* _What is being asked_
Restate word for word the lines below, from the one containing "Pri polju Zasebnost" through the final line, with no pictures included.

* _Provided entries_
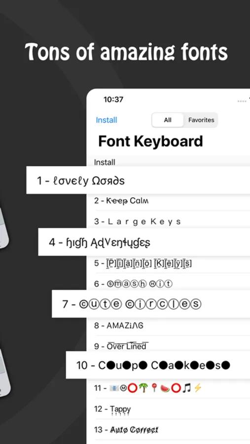 What is Fonts Keyboard? It’s a keyboard application that could make your iPhone’s keyboard different from your friends. Specifically, you could type your sms text with cool fonts and insert amazing emojis!
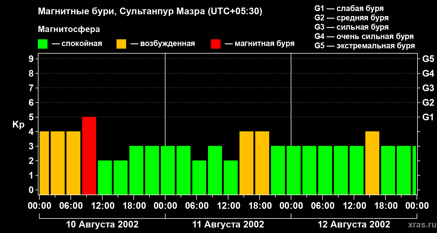 Магнитные бури в Сультанпур Мазре 12 августа 2002 года
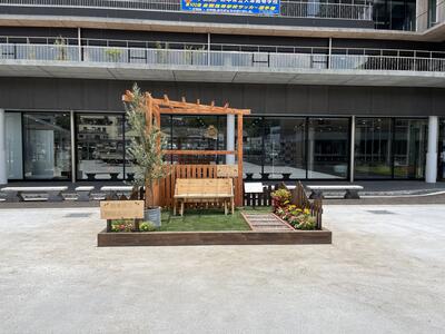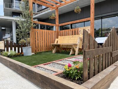 2日間に分けて、枠づくり、砂入れ、パーゴラ設置、草花植えなどを行いました。
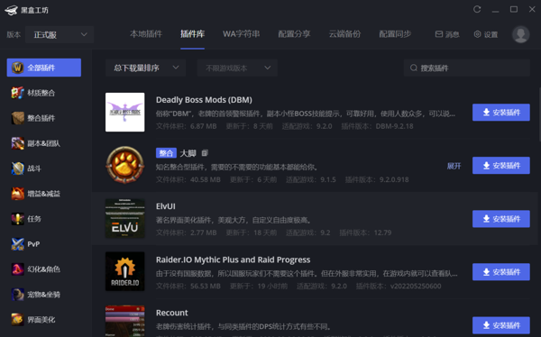 插件资源丰富:收录了正式服、怀旧服的主流整合插件与单体插件,涵盖副本、美化、光环、任务等各种类型,满足玩家多样化的游戏需求。
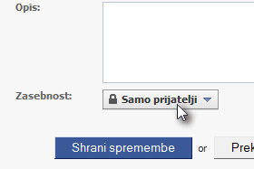 Pri polju Zasebnost določite Samo prijatelji in kliknite na gumb Shrani spremembe. Če bi radi album delili tudi z prijatelji vaših prijateljev, potem izberite Samo prijatelji prijateljev. |
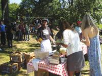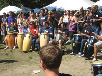 | A drum circle welcomed students, faculty, and staff members to the opening day barbecue at Mother's Rest Park along the Fenway. | |
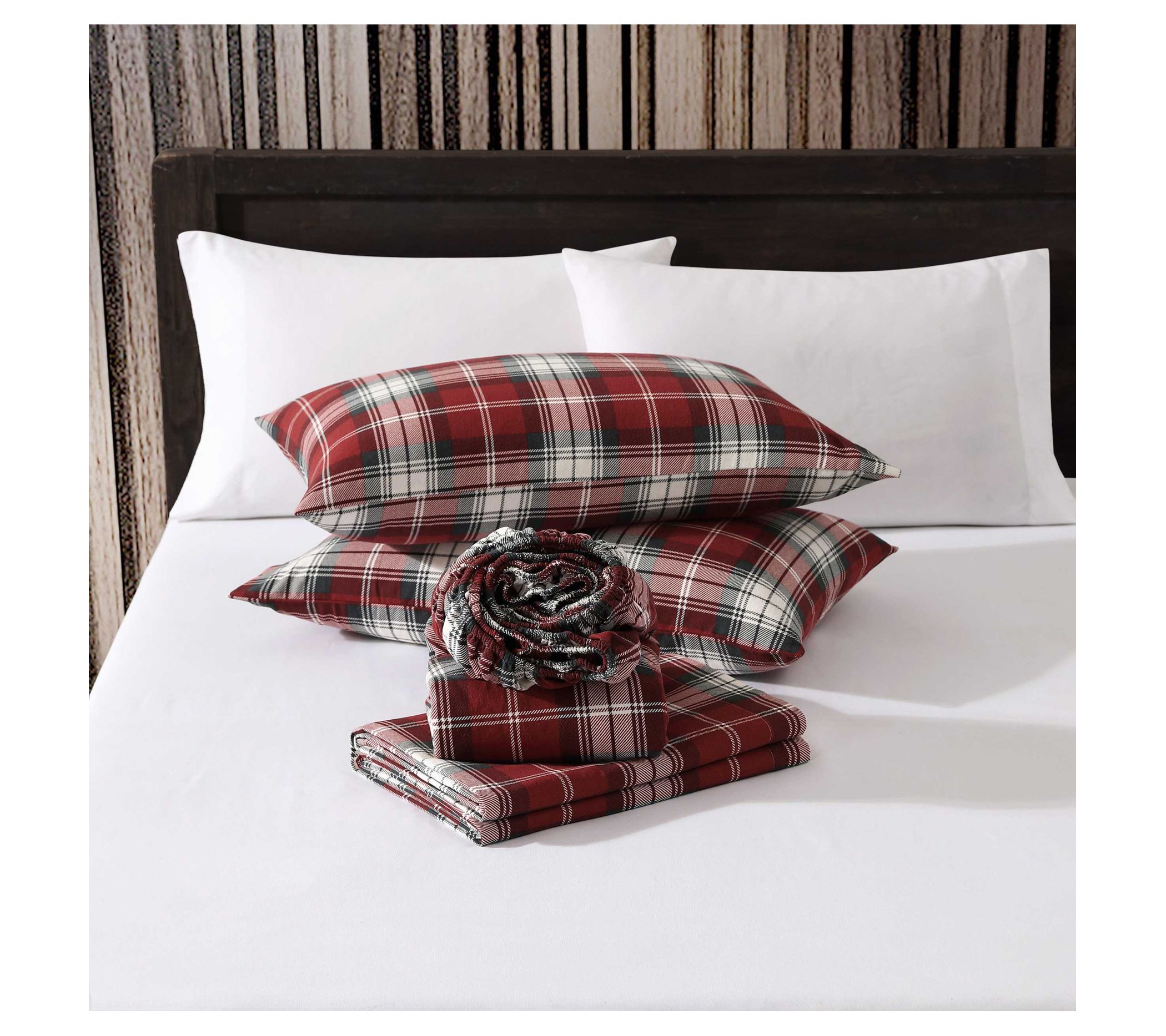 Experience cozy nights and classic charm as you settle into these soft flannel sheets, perfect for chilly evenings or lazy Sunday mornings. Brushed, breathable cotton offers comfort that gets even softer with every wash, while a bold plaid design adds a timeless touch to your bedding ensemble. From Eddie Bauer.
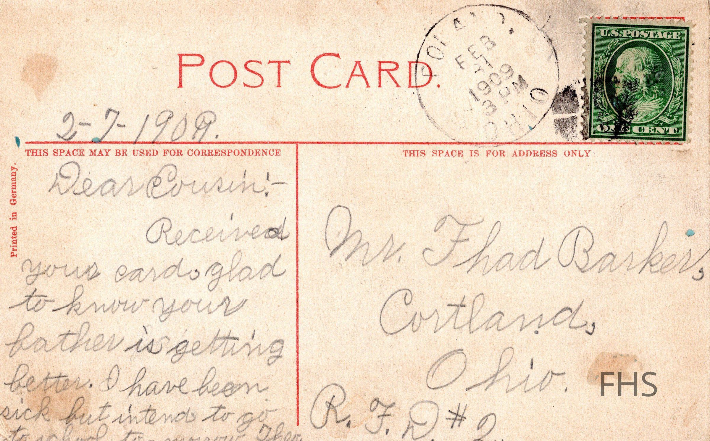 A Baltimore and Ohio Depot postcard sent to Thad Barker by Theo in 1909.Cataloged By
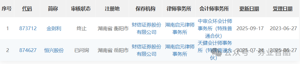 9月17日,北交所批量更新審核動(dòng)態(tài)。由財(cái)信證券保薦的衡陽市金則利特種合金股份有限公司(簡稱:金則利),審核狀態(tài)態(tài)顯示為“終止”。至此,財(cái)信證券在滬深北三家交易所的IPO項(xiàng)目,僅剩恒興股份一單“獨(dú)苗”。
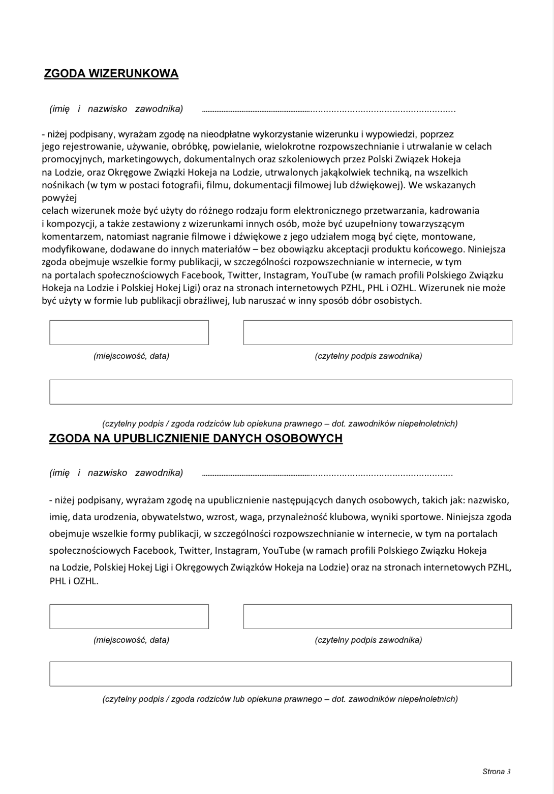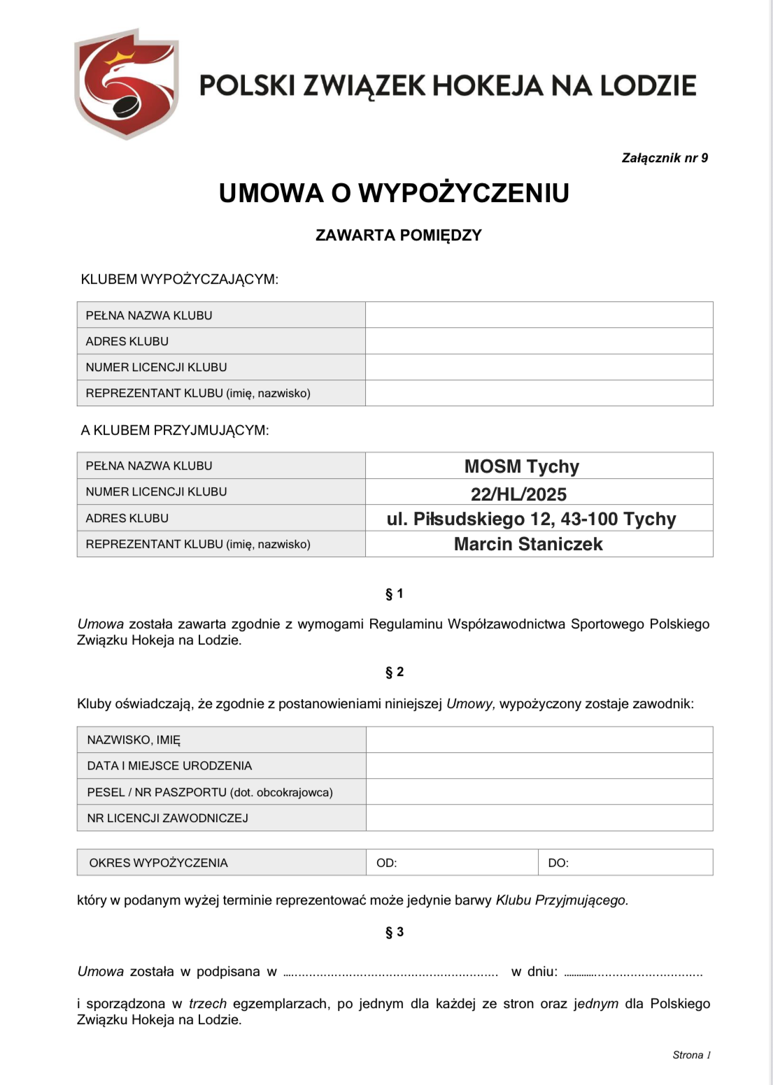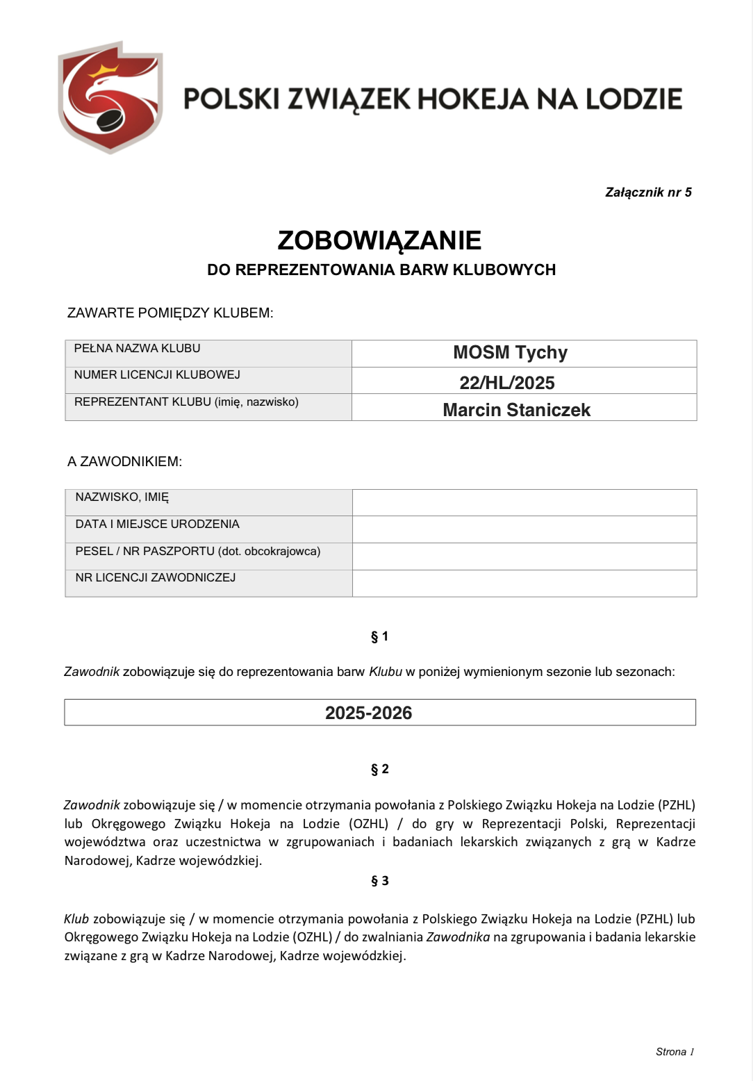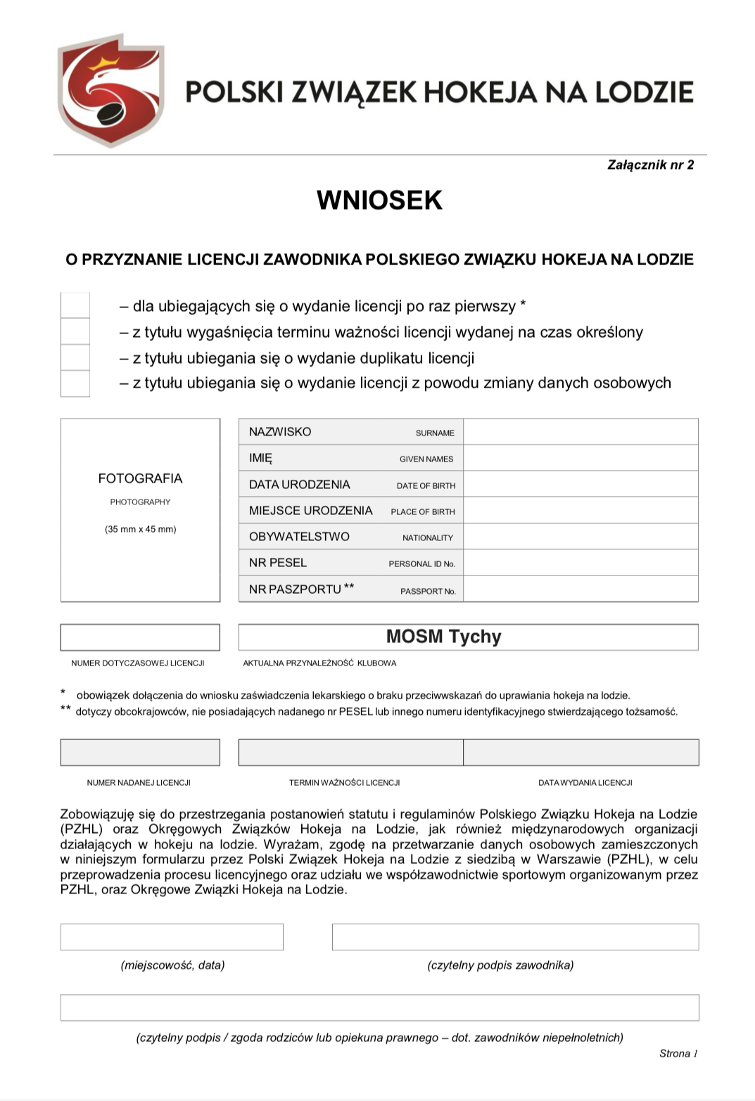 Dokumenty do pobrania dla członków Stowarzyszenia Tyskie Lwy oraz zawodników MOSM Tychy uzupełniające do PZHL.

* _Solved exercise_
 Pri polju Zasebnost določite Samo prijatelji in kliknite na gumb Shrani spremembe. Če bi radi album delili tudi z prijatelji vaših prijateljev, potem izberite Samo prijatelji prijateljev. |
 | A drum circle welcomed students, faculty, and staff members to the opening day barbecue at Mother's Rest Park along the Fenway. | |
 Experience cozy nights and classic charm as you settle into these soft flannel sheets, perfect for chilly evenings or lazy Sunday mornings. Brushed, breathable cotton offers comfort that gets even softer with every wash, while a bold plaid design adds a timeless touch to your bedding ensemble. From Eddie Bauer.
 A Baltimore and Ohio Depot postcard sent to Thad Barker by Theo in 1909.Cataloged By
 9月17日,北交所批量更新審核動(dòng)態(tài)。由財(cái)信證券保薦的衡陽市金則利特種合金股份有限公司(簡稱:金則利),審核狀態(tài)態(tài)顯示為“終止”。至此,財(cái)信證券在滬深北三家交易所的IPO項(xiàng)目,僅剩恒興股份一單“獨(dú)苗”。
 Dokumenty do pobrania dla członków Stowarzyszenia Tyskie Lwy oraz zawodników MOSM Tychy uzupełniające do PZHL.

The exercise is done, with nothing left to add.